Images are first uploaded to the fedora-s3-bucket-fedimg
S3 bucket, and then
imported as EC2 snapshots to the region configured in the base_region
setting
of the consumer_config.aws
section. The snapshot is then replicated to all
the regions listed in the ami_regions
setting.
Containers
Containers are pushed to the registry.fedoraproject.org
and quay.io/fedora/
registries. These include the Fedora Toolbox, Fedora and Fedora Minimal, ELN,
and Atomic Desktop images.
Google Cloud Engine
Google Cloud Engine images are published under the fedora-cloud
project in
Google Cloud Platform. The flow is similar to other clouds, as the tarball is
uploaded to the fedora-cloud-image-upload
bucket and then imported as a
machine image. The bucket has a lifecycle configuration to delete an object 3
days after it has been created so old tarballs are cleaned up automatically
after being imported.
Credentials
The service uses the
fedora-image-uploader@fedora-cloud.iam.gserviceaccount.com
service account.
New credentials can be issued for that account under the IAM & Admin panel,
although the current credentials do not expire.
Permissions
The service account is assigned the Fedora Image Uploader
role which should
grant it the minimal permissions required to manage images.
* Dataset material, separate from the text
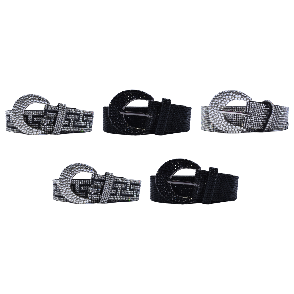 Contiene: 5 cintos lisos con strass de un diferentes modelos.

The current
permission list is as follows:
-
compute.globalOperations.get
-
compute.images.create
-
compute.images.createTagBinding
-
compute.images.delete
-
compute.images.deleteTagBinding
-
compute.images.deprecate
-
compute.images.get
-
compute.images.getFromFamily
-
compute.images.list
-
compute.images.listEffectiveTags
-
compute.images.listTagBindings
-
compute.images.setLabels
-
compute.images.update
-
compute.images.useReadOnly
-
resourcemanager.projects.get
In the event that the application requires new permissions, edit the Fedora
Image Uploader
role to include the new permissions.
Cleanup
Machine images are labeled to include their end-of-life
date. After this date
is reached, the image is removed. Images are uploaded as "deprecated" by
default. Every two weeks an image in an Image Family is promoted and marked as
not deprecated. Deprecated images are removed after two weeks.